(EXERCISE DATA):
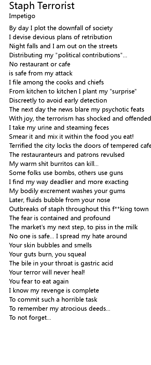 Outbreaks of staph throughout this f**king town |
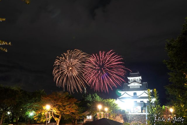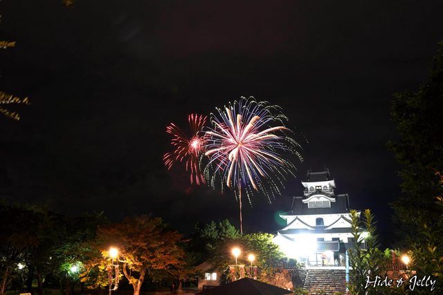 有一些比較低空的就比較可惜了,不過看得到低空花火的,就沒有天守當背景啦,一定要
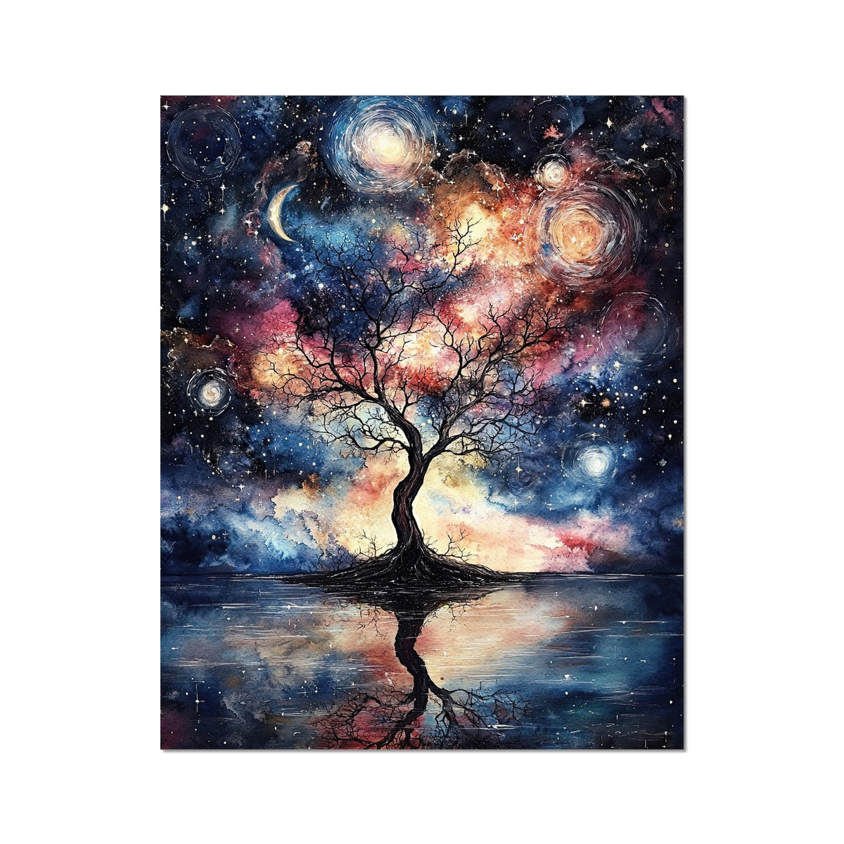 "Cosmic Reflection" fantasy art print in watercolor Wall Art Poster
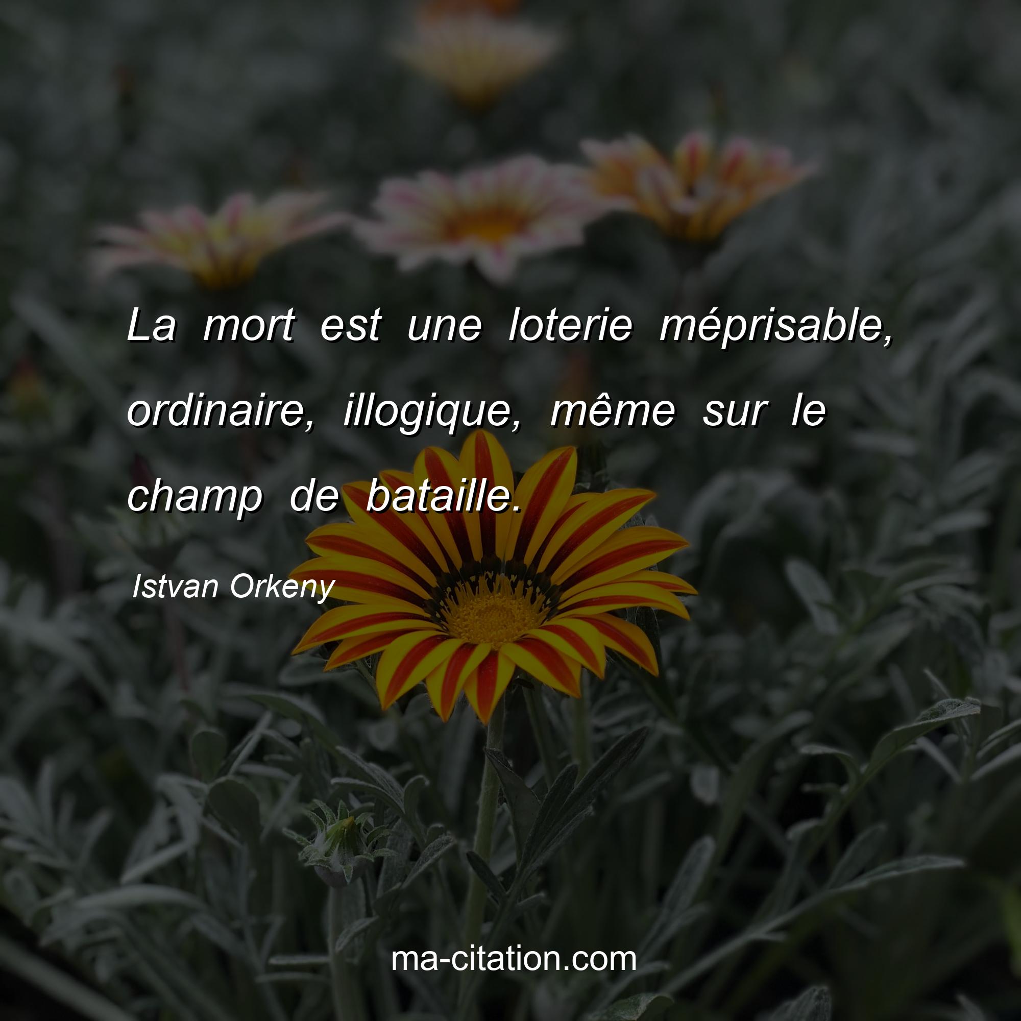 Istvan Orkeny est l'auteur de la citation sur la vie "La mort est une loterie méprisable, ordinaire, illogique, même sur le champ de bataille.".
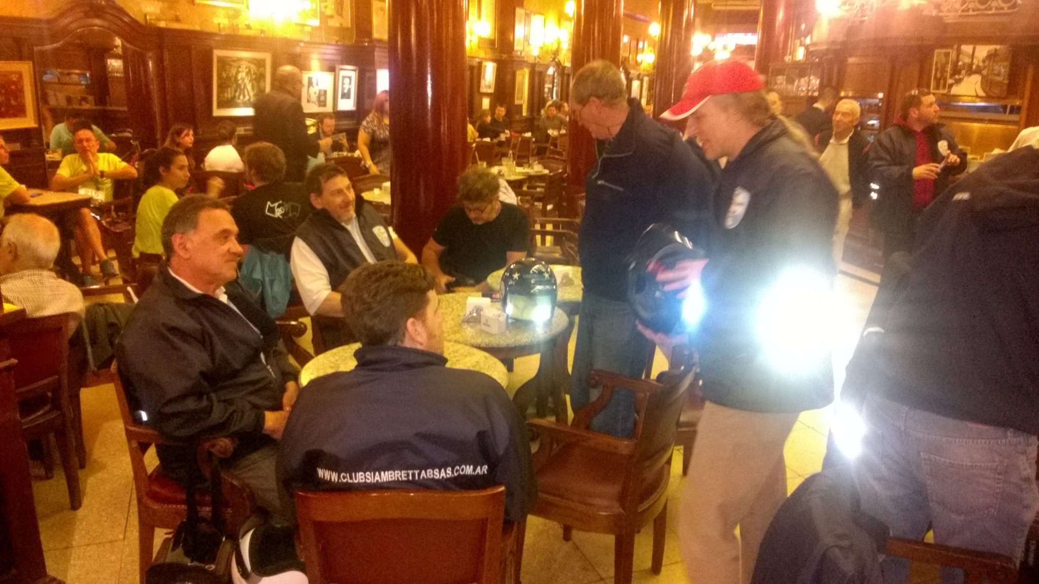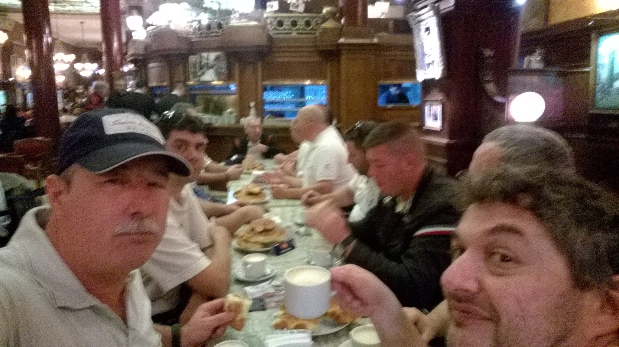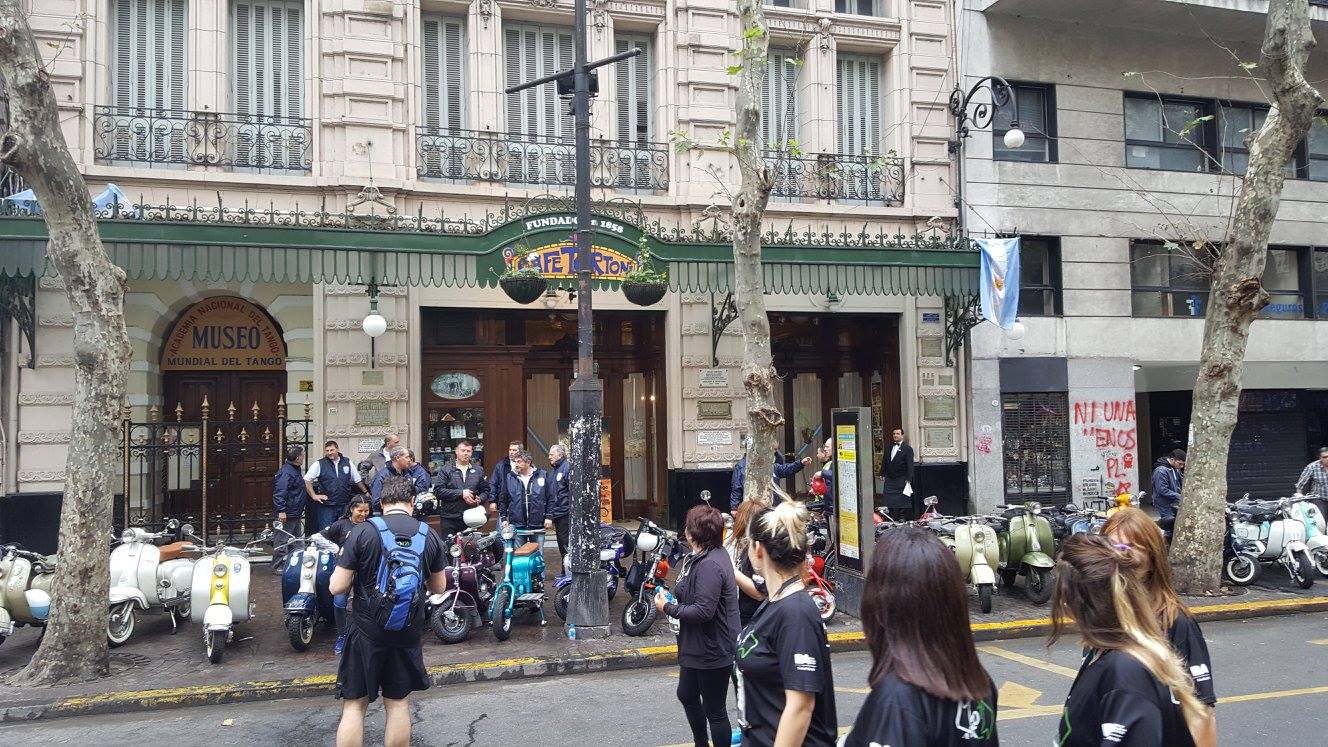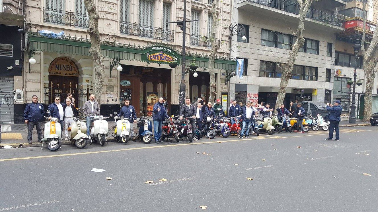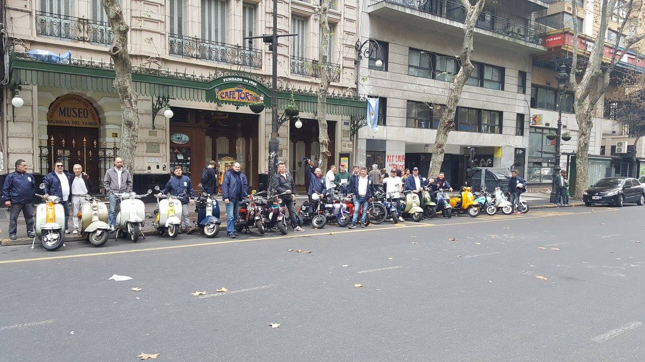 Desayunamos café con leche con medialunas, aprovechamos para recorrer el Tortoni y sacar fotos. Es de destacar la admiración que generan las Siambrettas, mucha gente queriendose sacar fotos arriba de las motonetas.
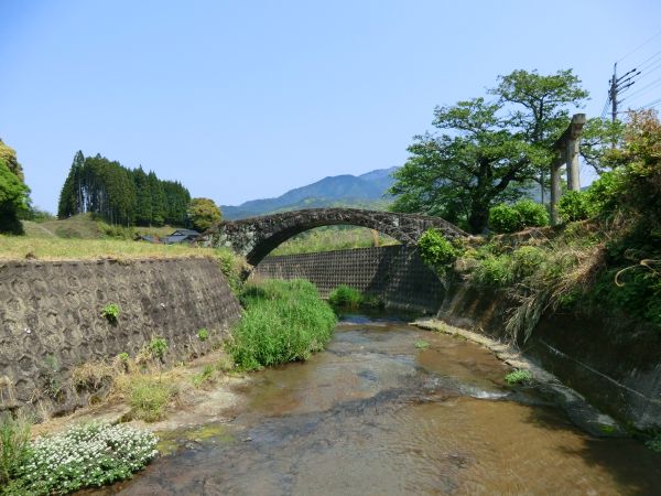 | 唐津市厳木(きゅうらぎ)町浪瀬 橋長:11.0m 橋幅:2.3m 径間:9.5m 拱矢:m 環厚:38cm 架設:大正12年 原又四郎 |
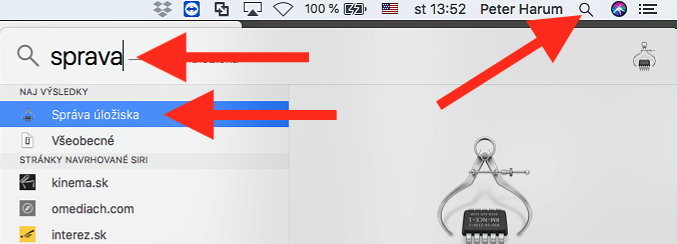 Otvorte si aplikáciu Správa úložiska, ktorá vám pomôže vyhľadať nepotrebné súbory v počítači. Aplikáciu nájdete kliknutím na lupu. Napíšte Správa a kliknite na „Správa úložiska“
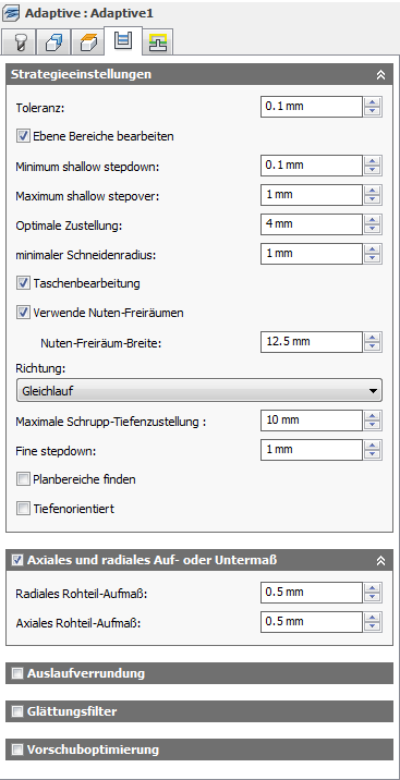 Sowohl das radiale als auch das axiale Aufmaß kann einen negativen Wert haben. Wird jedoch ein Kugel- oder Radienfräser mit negativem radialem Aufmaß verwendet, das größer ist als der Eckradius, muss das negative axiale Aufmaß kleiner oder gleich dem Eckradius sein.
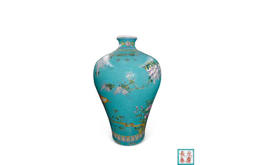 202501_211 大雅斋松石绿地彩葡萄牡丹梅瓶 清代

(EXERCISE GOAL):
The records need to be restated word for word, minus any images.

(SOLUTION TO THIS EXERCISE):
 Outbreaks of staph throughout this f**king town |
 有一些比較低空的就比較可惜了,不過看得到低空花火的,就沒有天守當背景啦,一定要
 "Cosmic Reflection" fantasy art print in watercolor Wall Art Poster
 Istvan Orkeny est l'auteur de la citation sur la vie "La mort est une loterie méprisable, ordinaire, illogique, même sur le champ de bataille.".
 Desayunamos café con leche con medialunas, aprovechamos para recorrer el Tortoni y sacar fotos. Es de destacar la admiración que generan las Siambrettas, mucha gente queriendose sacar fotos arriba de las motonetas.
 | 唐津市厳木(きゅうらぎ)町浪瀬 橋長:11.0m 橋幅:2.3m 径間:9.5m 拱矢:m 環厚:38cm 架設:大正12年 原又四郎 |
 Otvorte si aplikáciu Správa úložiska, ktorá vám pomôže vyhľadať nepotrebné súbory v počítači. Aplikáciu nájdete kliknutím na lupu. Napíšte Správa a kliknite na „Správa úložiska“
 Sowohl das radiale als auch das axiale Aufmaß kann einen negativen Wert haben. Wird jedoch ein Kugel- oder Radienfräser mit negativem radialem Aufmaß verwendet, das größer ist als der Eckradius, muss das negative axiale Aufmaß kleiner oder gleich dem Eckradius sein.
 202501_211 大雅斋松石绿地彩葡萄牡丹梅瓶 清代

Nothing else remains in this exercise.